Design: A randomized, placebo-controlled, double-blind, multicenter trial.

Patients: Adults (257) undergoing chemotherapy for acute leukemia.

Intervention: Patients were randomly assigned to receive either fluconazole (400 mg orally once daily or 200 mg intravenously every 12 hours) or placebo. The study drug was started at initiation of chemotherapy and continued until recovery of neutrophil count, development of proven or suspected invasive fungal infection, or the occurrence of a drug-related toxicity.

Measurements: Fungal colonization, proven superficial or invasive fungal infection, empiric antifungal therapy with amphotericin B, drug-related side effects, and mortality.

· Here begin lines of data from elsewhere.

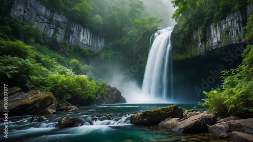 waterfall, forest, nature, landscape, scenery, water, river, rock, tree, green, lush, foliage, fern, moss, beautiful, peaceful, tranquil, serene, hiking, camping, exploration, scenic, idylli
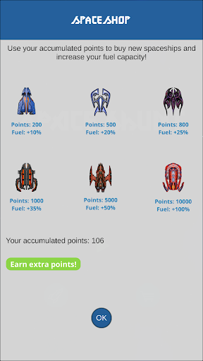 - Use your accumulated points to buy new spaceships with more fuel capacity
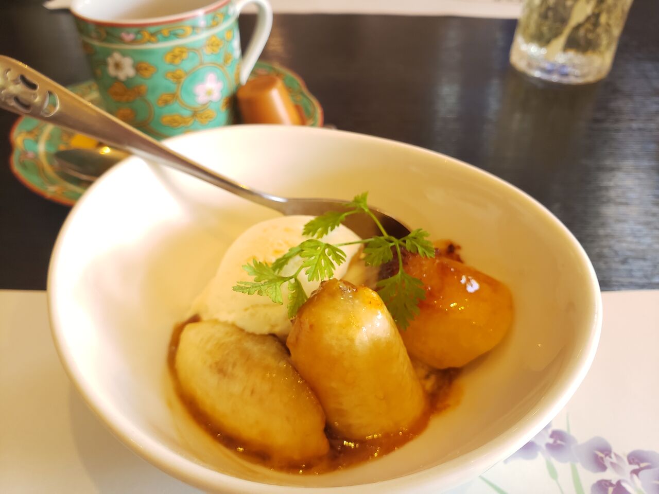 キャラメリゼされたバナナが香ばしくて甘くてびっくり仰天でした。
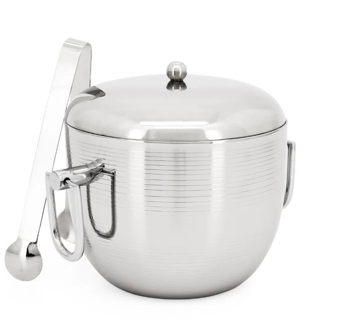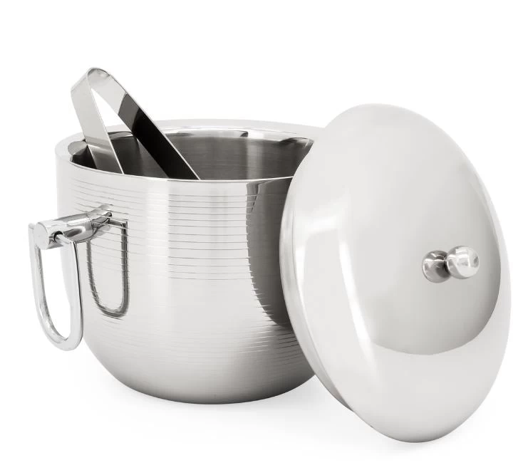 An essential for entertaining, this stainless steel ice bucket and tongs set feature a stylish linear design.

Main Results: Fluconazole decreased fungal colonization (83 of 122 [68%] placebo patients compared with 34 of 119 [29%] fluconazole patients colonized at end of prophylaxis, P < 0.001) and proven fungal infections (27 of 132 [21%] placebo patients compared with 11 of 123 [9%] fluconazole patients infected, P = 0.02). Superficial fungal infections occurred in 20 of 132 (15%) placebo patients but in only 7 of 123 (6%) fluconazole patients (P = 0.01), whereas invasive fungal infections developed in 10 of 132 (8%) placebo patients and in 5 of 123 (4%) fluconazole patients (P = 0.3). Fluconazole was especially effective in eliminating colonization and infection by Candida species other than Candida krusei (66 of 122 [64%] placebo patients colonized at end of prophylaxis compared with 11 of 119 (9%) fluconazole patients, P < 0.001; 22 of 132 (17%) placebo patients infected compared with 7 of 123 [6%] fluconazole patients, P = 0.005). Aspergillus infections were infrequent in both fluconazole (3 cases) and placebo groups (3 cases). The use of amphotericin B, the incidence of drug-related side effects, and overall mortality were similar in both study groups.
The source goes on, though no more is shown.